== WHAT THE EXERCISE ASKS ==
Please set down the data word for word; images do not go in the copy.

== COLLECTED DATA ==
◇ ◇ ◇

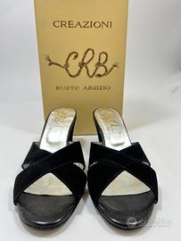 Originale ciabatta da casa in camoscio finissimo colore nero. Fasce incrociate, fodera vera pelle, suola in camoscio vera pelle. Tacco a zeppa ricoperto in camoscio cm.7. Lunghezza cm. 21,5.
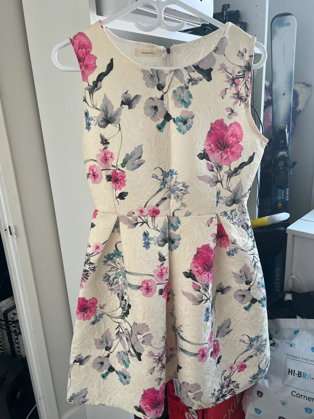 A sleeveless floral dress with a cream base and a vibrant print. It has a textured fabric and a flattering A-line cut. Zipper closure at the back.
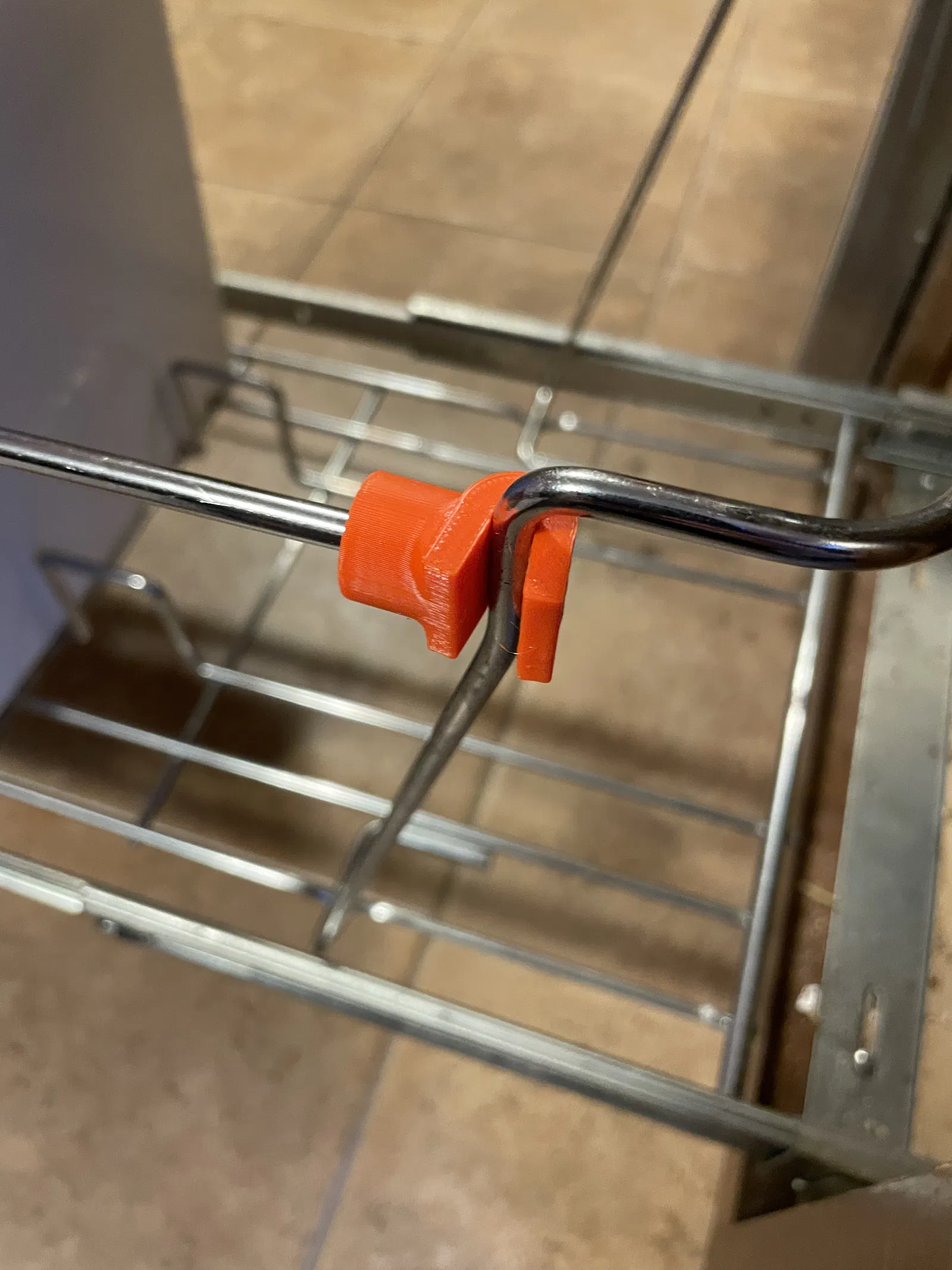 Cái kẹp này để thay cho kẹp thùng rác tủ nhà bạn. File có 90% infill, khuyên dùng PETG cho chắc. Kẹp này gắn vừa cho thanh Ø5.49mm, có thể tùy chỉnh cho thanh lớn hơn. Bạn có thể khoan nhẹ để điều chỉnh độ khít.
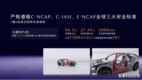 卓越的碰撞成绩来自于车身结构的创新。EZ-60采用7横5纵的笼式铠甲结构,高强钢占比86.5%,热成形钢27.45%,最高强度2000MPa,全车1500MPa及以上超高强度零件集群50个,关键部位更是层层加码,如A柱采用五重防护结构,内外双层1500MPa热成型钢和腔体SNS复合材料,大幅增强A柱的钣金强度和刚度,抗弯性能提升44%。

◇ ◇ ◇

== EXPECTED ANSWER ==
 Originale ciabatta da casa in camoscio finissimo colore nero. Fasce incrociate, fodera vera pelle, suola in camoscio vera pelle. Tacco a zeppa ricoperto in camoscio cm.7. Lunghezza cm. 21,5.
 A sleeveless floral dress with a cream base and a vibrant print. It has a textured fabric and a flattering A-line cut. Zipper closure at the back.
 Cái kẹp này để thay cho kẹp thùng rác tủ nhà bạn. File có 90% infill, khuyên dùng PETG cho chắc. Kẹp này gắn vừa cho thanh Ø5.49mm, có thể tùy chỉnh cho thanh lớn hơn. Bạn có thể khoan nhẹ để điều chỉnh độ khít.
 卓越的碰撞成绩来自于车身结构的创新。EZ-60采用7横5纵的笼式铠甲结构,高强钢占比86.5%,热成形钢27.45%,最高强度2000MPa,全车1500MPa及以上超高强度零件集群50个,关键部位更是层层加码,如A柱采用五重防护结构,内外双层1500MPa热成型钢和腔体SNS复合材料,大幅增强A柱的钣金强度和刚度,抗弯性能提升44%。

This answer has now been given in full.